More “How are you?”

Following up on my posting on “How are you?” (and the answer “(I’m) fine”): mail to the NYT. A response much like mine, but more detailed, from linguist Deborah Tannen, and another peeve about conventional idioms of social life.

From Tannen:

Re “The ‘How Are You?’ Culture Clash” (Op-Ed, Jan. 20):

Alina Simone illustrates a universal of cross-cultural communication: the tendency to take literally expressions that members of another culture use idiomatically. Greetings are prime examples because they are among the most ritualized expressions in any culture.

… What’s sad is how ready we all are to draw negative conclusions about members of a different culture because they so clearly don’t mean what they say, even as we ourselves are blithely using idioms and formulaic expressions without giving a thought to what a literal interpretation of their meaning would imply — or would lead outsiders to think about us.

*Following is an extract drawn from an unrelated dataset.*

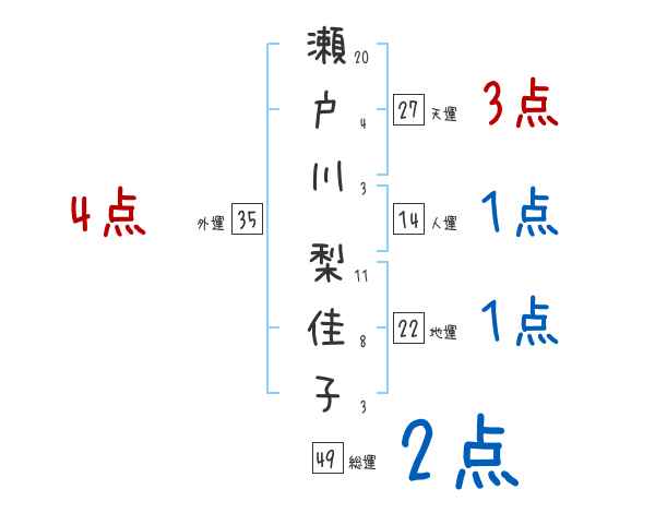 外運![]() | 瀬戸川梨佳子さんの外運は35画の4つ星!温厚な性格で感受性が高い。穏和な性格で人望が厚い。 生活面を象徴する運勢です。外部から受ける影響力を表し、結婚運、家庭運や職場、環境への順応性を表します。 |

In my earlier piece, I listed several formulaic social idioms that people object to because they’re (perceived to be) new. Another letter to the NYT adds one more:

Alina Simone’s excellent and amusing parsing of the common greeting and automatic response “fine” leads to a pet peeve: the standard departing shot “have a nice day.” In the last decade or so, this substitute for “goodbye” has been ratcheted up.

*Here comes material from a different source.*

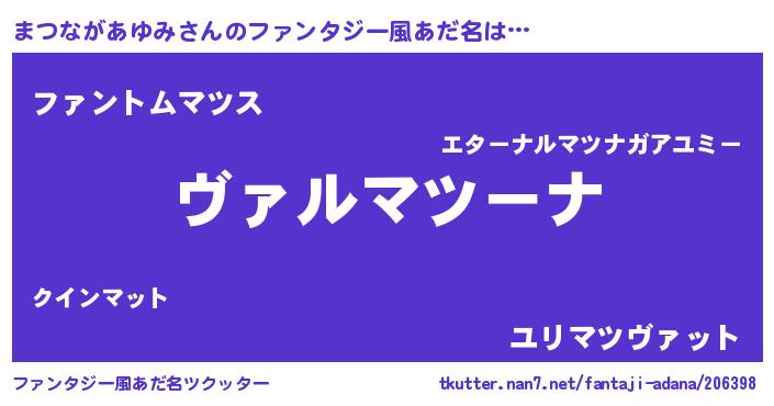 ポケモン風あだ名 | 『マーツイ』『ヒマツナガアユミ』 |
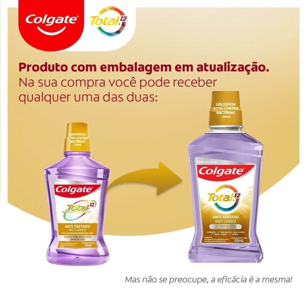 Kit Enxaguante Bucal Colgate Total 12 Anti Tartar 500ml com 3 unidades

I am now, more often than not, implored to have a “great” day, or on the occasion when I am bid adieu by some teenage retail clerk, I am often imposed upon to have a “totally awesome” day.

John Carbone
, Louisville, Ky., Jan. 20, 2014

I doubt that “Have a nice day” is as recent as Carbone thinks, though it certainly has spread.

(All this makes me wonder how long “See ya” and “Later” as colloquial substitutes for “Goodbye:” have been around.)